One cube forms a straight line. Two dice create a shape similar too a pyramid. With three or more?
Here we see the typical curved form, where everything focuses centrally.
More dice make average rolls much more probable, while extreme results become truly rare. Most games do not force you to reach exactly one number. On the contrary, players commonly must beat a certain value or reach it or bigger, depending on the target.
That difference is important when one designs games.
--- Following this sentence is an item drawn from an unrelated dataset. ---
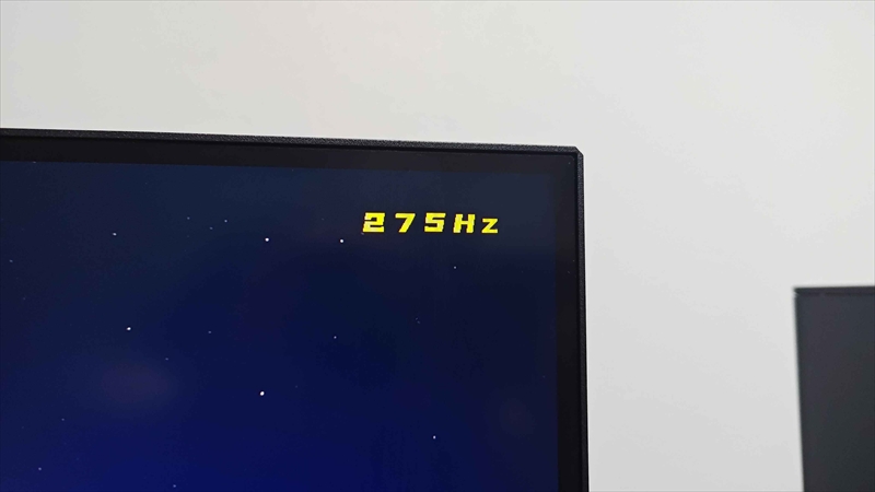 あわせて、275Hz駆動を実現させるにはOSDメニューで「オーバークロック」をオンにしなければならない。オーバークロックがオフの場合、240Hzが上限になるようだ。なので、本機を起動したら必ずOSDメニューを確認するようにしてほしい。

Online calculators for dice help exactly with those cases. Many of them are made for tabletop games and work with various kinds of cubes, four-sided, twenty-sided, whatever you need. They show the chances to roll a certain number directly, or to beat or go below some limit.
Here is a clever code called the complete rule, to estimate whether something will happen at least one time through several rolls. Take the probability for one roll (call it p) and the chance for at least once in n rolls is one minus (one minus p) to the n’s power. When probability and play combine, it creates experiences thatfeel fair and fun.